Historical population
| Census | Pop. | Note | %± |
| 1840 | 5,129 |  | — |
| 1850 | 6,853 |  | 33.6% |
| 1860 | 10,448 |  | 52.5% |
| 1870 | 7,706 |  | −26.2% |
| 1880 | 10,281 |  | 33.4% |
| 1890 | 12,589 |  | 22.4% |
| 1900 | 14,104 |  | 12.0% |
| 1910 | 16,262 |  | 15.3% |
| 1920 | 18,248 |  | 12.2% |
| 1930 | 23,404 |  | 28.3% |
| 1940 | 26,049 |  | 11.3% |
| 1950 | 30,921 |  | 18.7% |
| 1960 | 36,163 |  | 17.0% |
| 1970 | 42,804 |  | 18.4% |
| 1980 | 58,580 |  | 36.9% |
| 1990 | 69,285 |  | 18.3% |
| 2000 | 89,173 |  | 28.7% |
| 2010 | 106,740 |  | 19.7% |
| 2020 | 116,281 |  | 8.9% |
| 2025 (est.) | 122,375 | Increase | 5.2% |
U.S. Decennial Census 1790–1960 1900–1990 1990–2000 2010 2020

===Racial and ethnic composition===

Henderson County, North Carolina – Racial and ethnic composition Note: the US Census treats Hispanic/Latino as an ethnic category. This table excludes Latinos from the racial categories and assigns them to a separate category. Hispanics/Latinos may be of any race.
| Race / Ethnicity (NH = Non-Hispanic) | Pop 1980 | Pop 1990 | Pop 2000 | Pop 2010 | Pop 2020 | % 1980 | % 1990 | % 2000 | % 2010 | % 2020 |
|---|---|---|---|---|---|---|---|---|---|---|
| White alone (NH) | 55,947 | 65,606 | 80,118 | 90,105 | 91,747 | 95.51% | 94.69% | 89.85% | 84.42% | 78.90% |
| Black or African American alone (NH) | 2,107 | 2,348 | 2,686 | 3,149 | 3,299 | 3.60% | 3.39% | 3.01% | 2.95% | 2.84% |
| Native American or Alaska Native alone (NH) | 71 | 192 | 188 | 318 | 284 | 0.12% | 0.28% | 0.21% | 0.30% | 0.24% |
| Asian alone (NH) | 72 | 278 | 543 | 994 | 1,296 | 0.12% | 0.40% | 0.61% | 0.93% | 1.11% |
| Native Hawaiian or Pacific Islander alone (NH) | x | x | 15 | 165 | 241 | x | x | 0.02% | 0.15% | 0.21% |
| Other race alone (NH) | 39 | 15 | 47 | 105 | 400 | 0.07% | 0.02% | 0.05% | 0.10% | 0.34% |
| Mixed race or Multiracial (NH) | x | x | 696 | 1,480 | 4,015 | x | x | 0.78% | 1.39% | 3.45% |
| Hispanic or Latino (any race) | 344 | 846 | 4,880 | 10,424 | 14,999 | 0.59% | 1.22% | 5.47% | 9.77% | 12.90% |
| Total | 58,580 | 69,285 | 89,173 | 106,740 | 116,281 | 100.00% | 100.00% | 100.00% | 100.00% | 100.00% |

===2020 census===

As of the 2020 census, there were 116,281 people and 33,992 families residing in the county. The median age was 48.0 years. 18.8% of residents were under the age of 18 and 26.9% of residents were 65 years of age or older. For every 100 females there were 91.8 males, and for every 100 females age 18 and over there were 89.2 males age 18 and over.

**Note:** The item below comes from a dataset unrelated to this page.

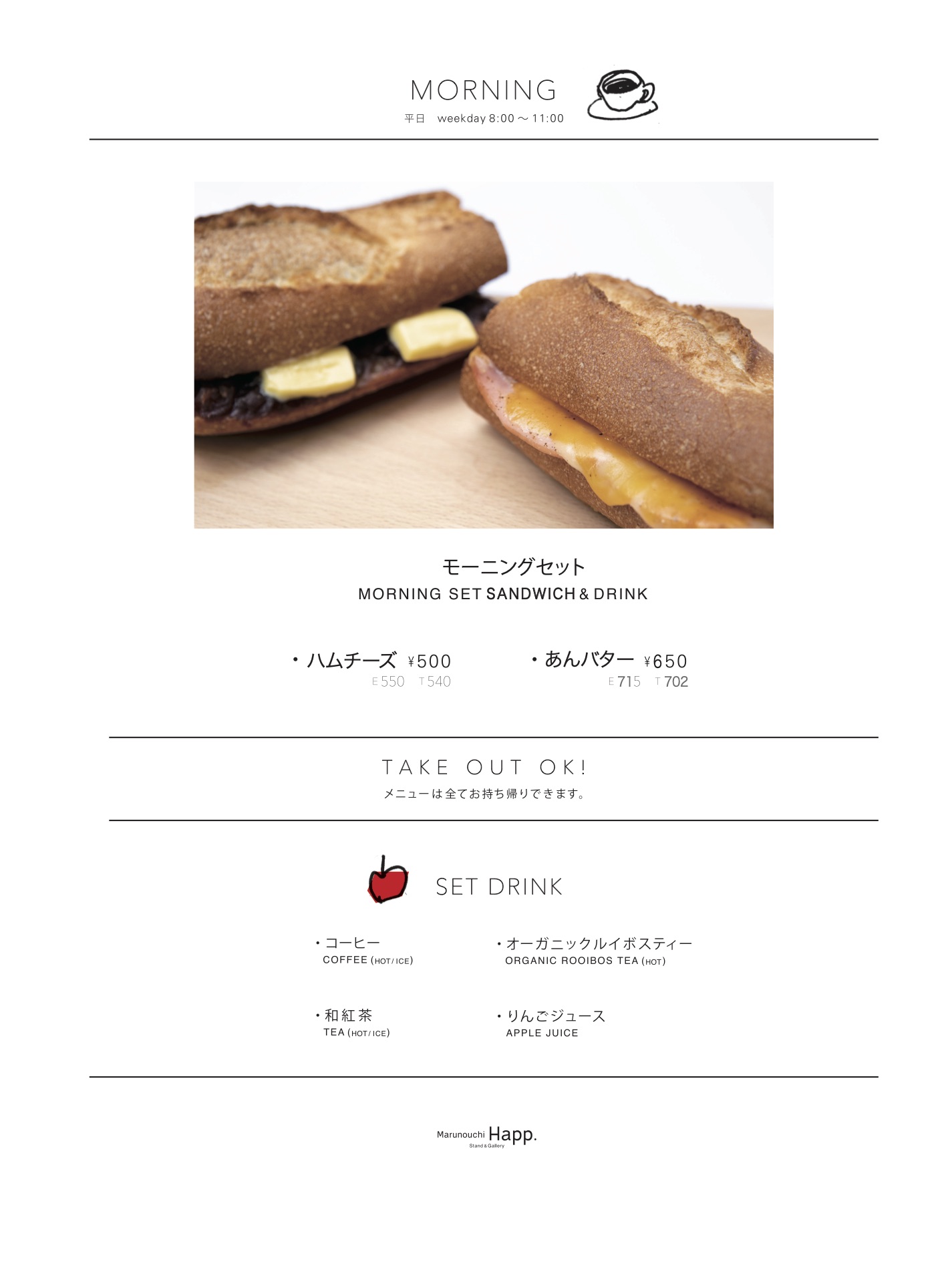 MORNING SET ¥550~ サンドイッチ+ドリンク

The racial makeup of the county was 81.0% White, 2.9% Black or African American, 0.5% American Indian and Alaska Native, 1.2% Asian, 0.5% Native Hawaiian and Pacific Islander, 7.2% from some other race, and 6.7% from two or more races. Hispanic or Latino residents of any race comprised 12.9% of the population.

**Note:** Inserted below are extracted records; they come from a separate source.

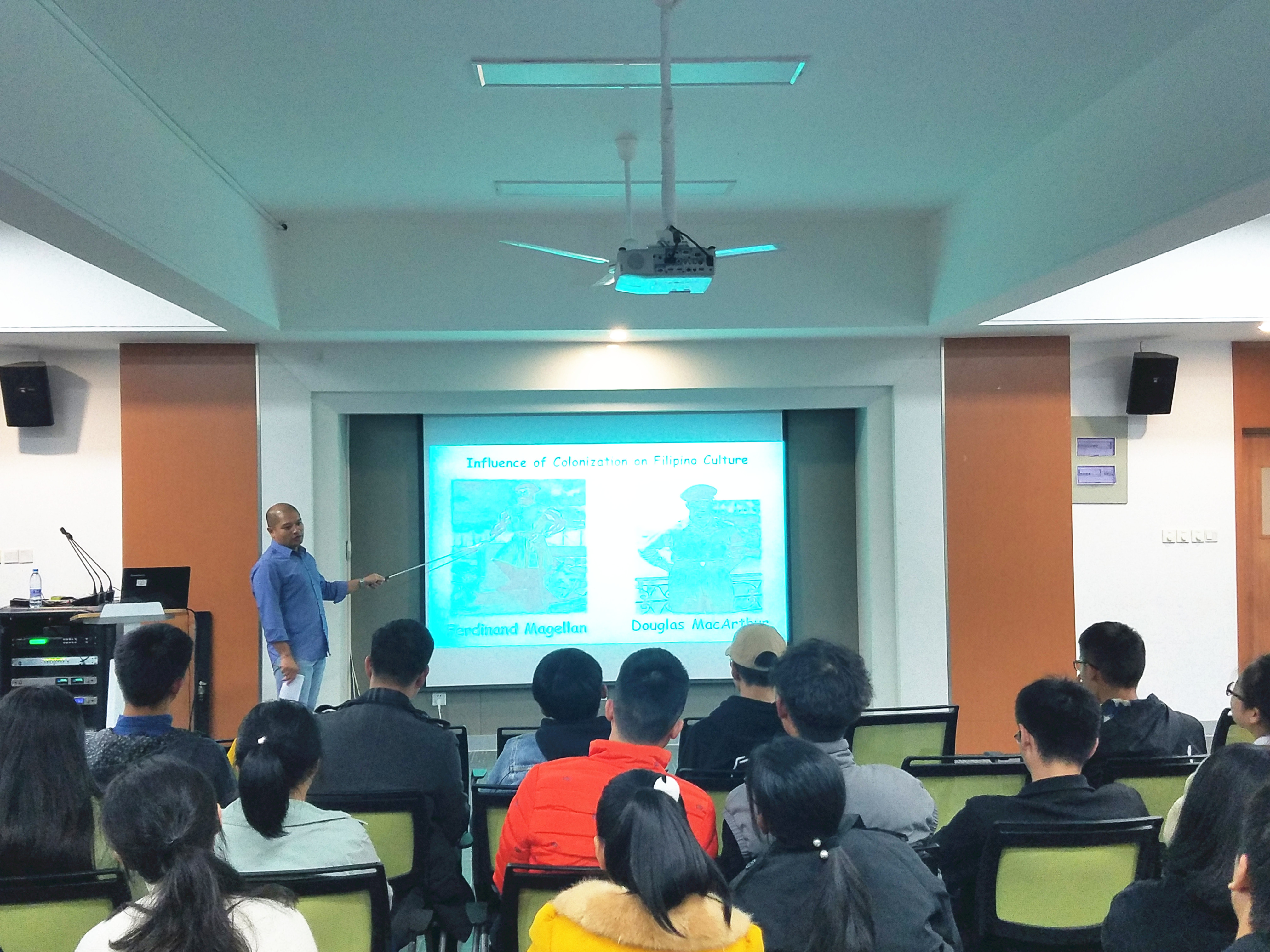 Eligah在中国任教十二年,游览过很多国家和地区。讲座上,他用一幅菲律宾地图将大家带入了菲律宾独特的殖民文化历史中。他介绍了殖民对菲律宾文化和宗教信仰的影响,向大家展示了菲律宾的独特的传统食物和壮观的名胜古迹,他用自己的阅历向大家讲述了自己对菲律宾的殖民文化的看法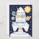 Rymden 1:a födelsedagsinbjudan har söta planeter och stjärnor. Den här designen är perfekt för någon som har en rymdtematisk födelsedagsfest.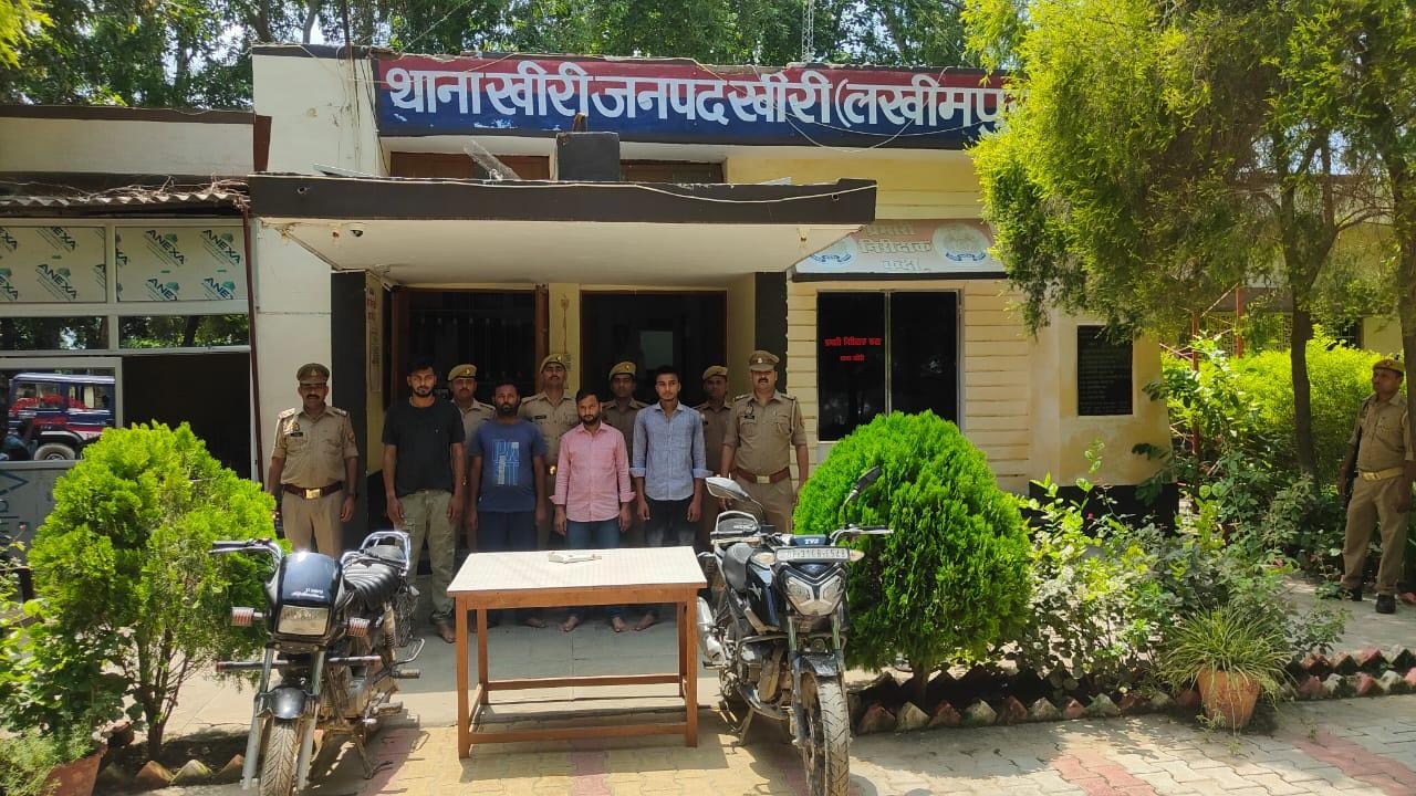 लखीमपुर खीरी।पुलिस अधीक्षक खीरी, गणेश प्रसाद साहा के निर्देशन व अपर पुलिस अधीक्षक(पूर्वी) खीरी व क्षेत्राधिकारी सदर के निकट पर्यवेक्षण में अपराध की रोकथाम व अपराधियों के गिरफ्तारी के अभियान क्रम में पुलिस टीम द्वारा मुखबिर की सूचना पर आज दिनांक 05.08.2024 को मु0अ0सं0 334/24 धारा 352/109 भारतीय न्याय संहिता 2023 व 9(1)A(1)/25(2) आर्म्स एक्ट भादवि में वांछित चार नफर अभियुक्त 1.प्रांशू सिंह उर्फ समीर सिंह पुत्र सुरेश सिंह 2.अभय प्रताप सिंह पुत्र अर्जुन सिंह नि0गण ग्राम साड़ीनामा थाना व जिला खीरी 3.निखिल गुप्ता उर्फ छोटू पुत्र वीरू गुप्ता नि0मो0 एकतानगर कस्बा ओयल थाना व जिला खीरी 4.निखिल अवस्थी उर्फ अभिषेक पुत्र सत्यप्रकाश अवस्थी नि0 ग्राम खागी ओयल थाना व जिला खीरी को गिरफ्तार कर अग्रिम विधिक कार्यवाही हेतु मा0 न्यायालय रवाना किया गया।

65.7% of residents lived in urban areas, while 34.3% lived in rural areas.

There were 49,317 households in the county, of which 24.2% had children under the age of 18 living in them. Of all households, 51.4% were married-couple households, 15.7% were households with a male householder and no spouse or partner present, and 27.2% were households with a female householder and no spouse or partner present. About 28.8% of all households were made up of individuals and 15.7% had someone living alone who was 65 years of age or older.

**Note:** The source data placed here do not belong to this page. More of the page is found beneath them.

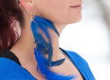In order to start working you’ll need blue feathers (for a better effect it’s better to take the feathers of different shades of blue: starting from an ultramarine and royal blue to azure and sky blue colour), a bijouterie chain, a ring of golden colour, stoppers (crimps), a hooker on which an earring will hang and with the help of which we’ll be able to wear it and nippers.
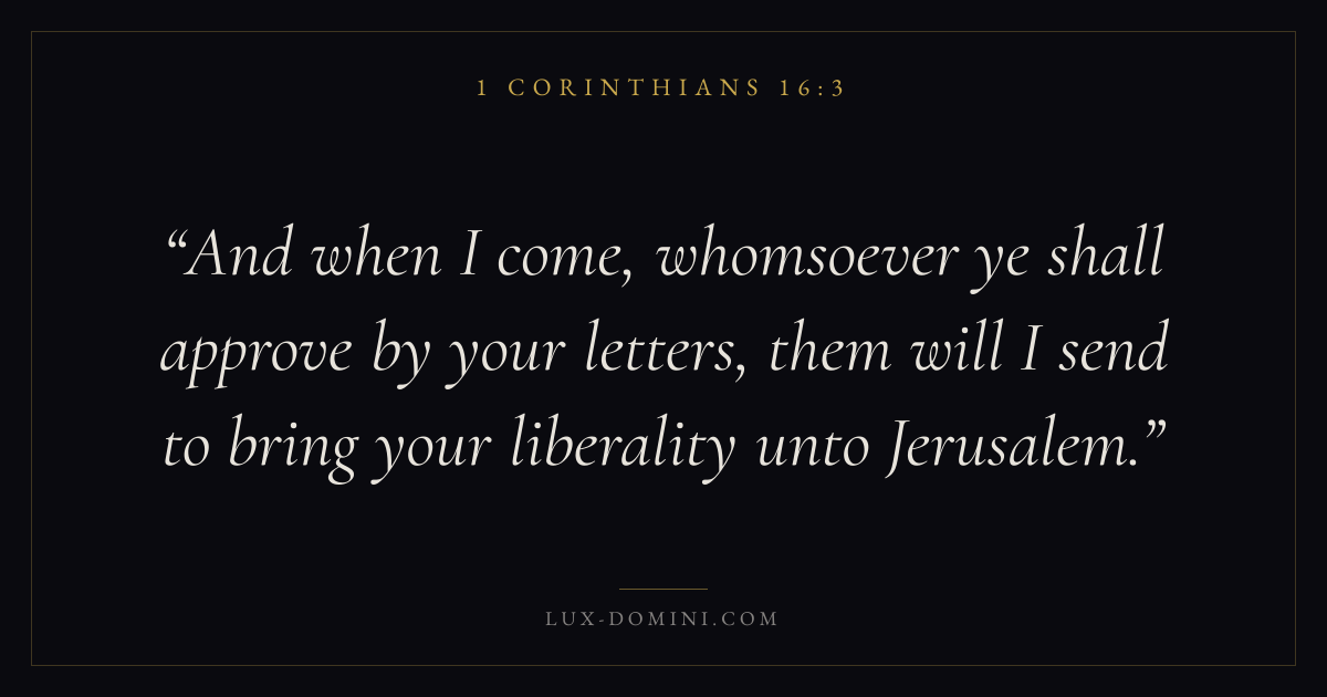 And when I come, whomsoever ye shall approve by your letters, them will I send to bring your liberality unto Jerusalem.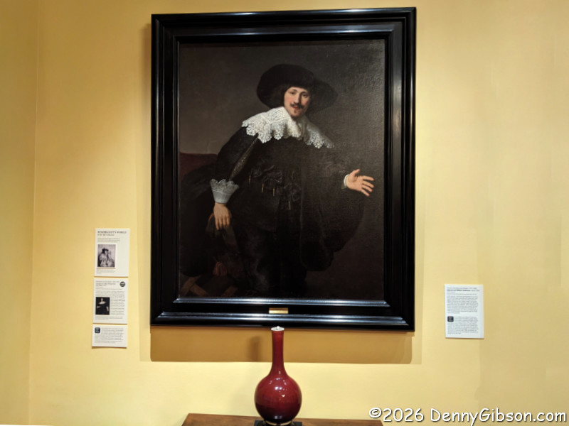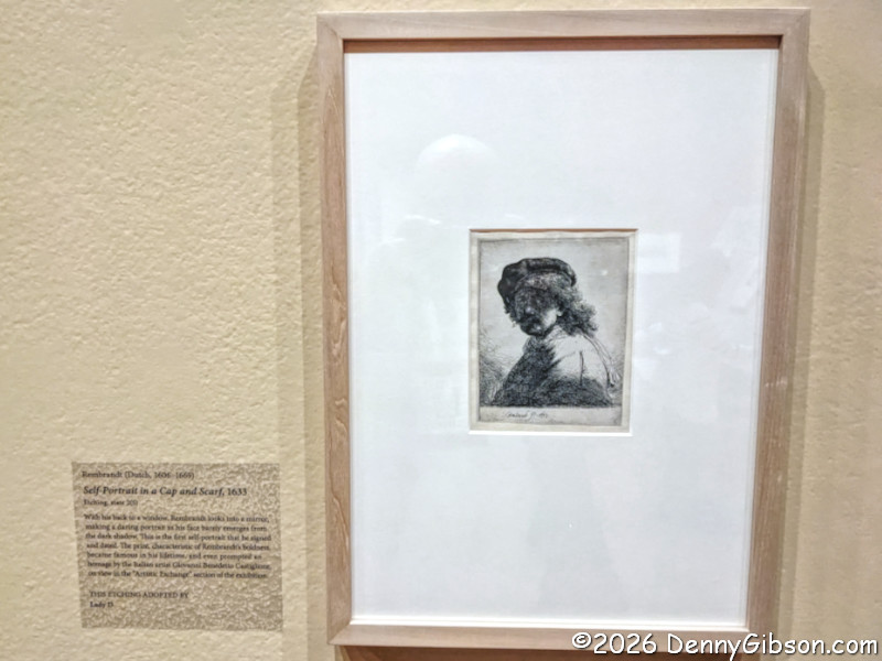 There are 49 prints from Rembrandt etchings on display, and, as noted and as can be seen, most are just a few inches in size. The cost of materials and a desire for portability were both reasons for this. Rembrandt made several self-portraits during his career, but this one from 1633 is said to be the first he signed and dated.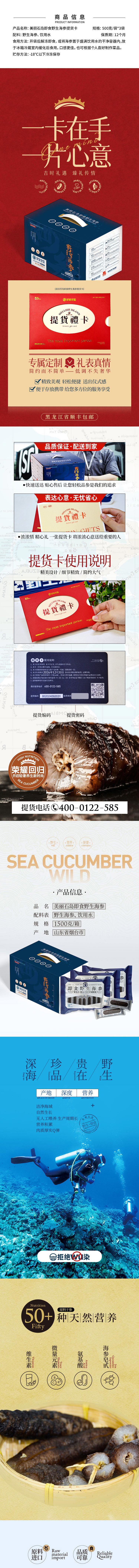 新版 美丽石岛即食野生海参提货卡(1.5kg/箱)/张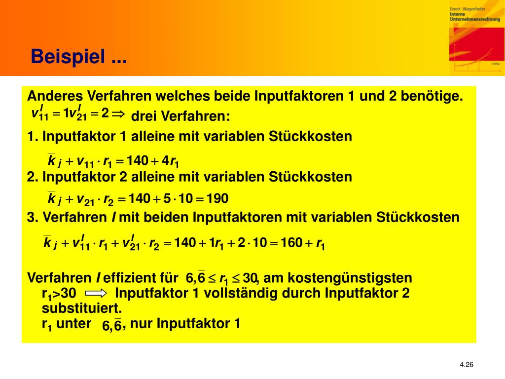Falls anstelle des Inputfaktors 1 auch ein anderer Inputfaktor 2 mitr2 =10 (Substitution) und v21 = 5 Einheiten verwendet werden kann Bei Preis über 12,5 ist es kostengünstiger, den Inputfaktor 2 anstelle von 1 zu verwenden Beispiel Das Produkt 1 benötigt v11 = 4 Einheiten des Inputfaktors 1; der Absatzpreis beträgt p1 = 200, variable Stückkosten ohne die Kosten des Inputfaktors .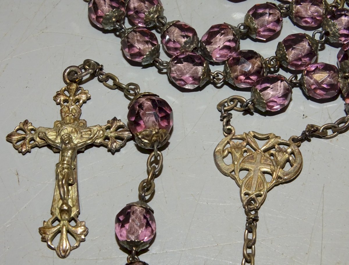 Ancien chapelet avec croix en Argent poinçon tête de sanglier et orfèvre à définir - perles de verre taillé de couleur mauve  (photos) - pur jus de trouvailles, sorti de grenier, en bon état -  Réf. 1V240718/327 Longueur 51,8 cm - Croix 2,1 x 3,7 cm -  Poids 30 g     Pour me contacter mon adresse mail : EXPEDITION POSSIBLE EN MONDIAL RELAY ou COLISSIMO sur demande TRES BON EMBALLAGE GARANTI     MERCI de BIEN REGARDER TOUTES les PHOTOS car ELLES FONT PARTIE INTEGRANTE de la DESCRIPTION et PERMETTENT de VOIR l'OBJET AU MIEUX  avec SES PETITS DEFAUTS EVENTUELS - État:Occasion: Objet ayant été utilisé. Consulter la description du vendeur pour avoir plus de détails ...Occasion: Objet ayant été utilisé. les éventuelles imperfections. Type:Christianisme Sous-type:Chapelet Pays de fabrication:France Matière:Argent

There were 56,434 housing units, of which 12.6% were vacant. Among occupied housing units, 74.2% were owner-occupied and 25.8% were renter-occupied. The homeowner vacancy rate was 1.6% and the rental vacancy rate was 7.7%.

===2010 census===
At the 2010 census, there were 106,740 people, 45,180 households, and 28,613 families residing in the county. The population density was 275.83 /mi2. There were 42,996 housing units at an average density of 115 /mi2. The racial makeup of the county was 94.5% White, 3.3% Black or African American, 0.4% Native American, 0.8% Asian, and .9% from two or more races. 8.7% of the population were Hispanic or Latino of any race. The county has seen a marked increase in its Hispanic population segment and Hispanic culture in recent decades, and has also shared in the higher immigration from the countries of the former USSR experienced by neighboring Buncombe County.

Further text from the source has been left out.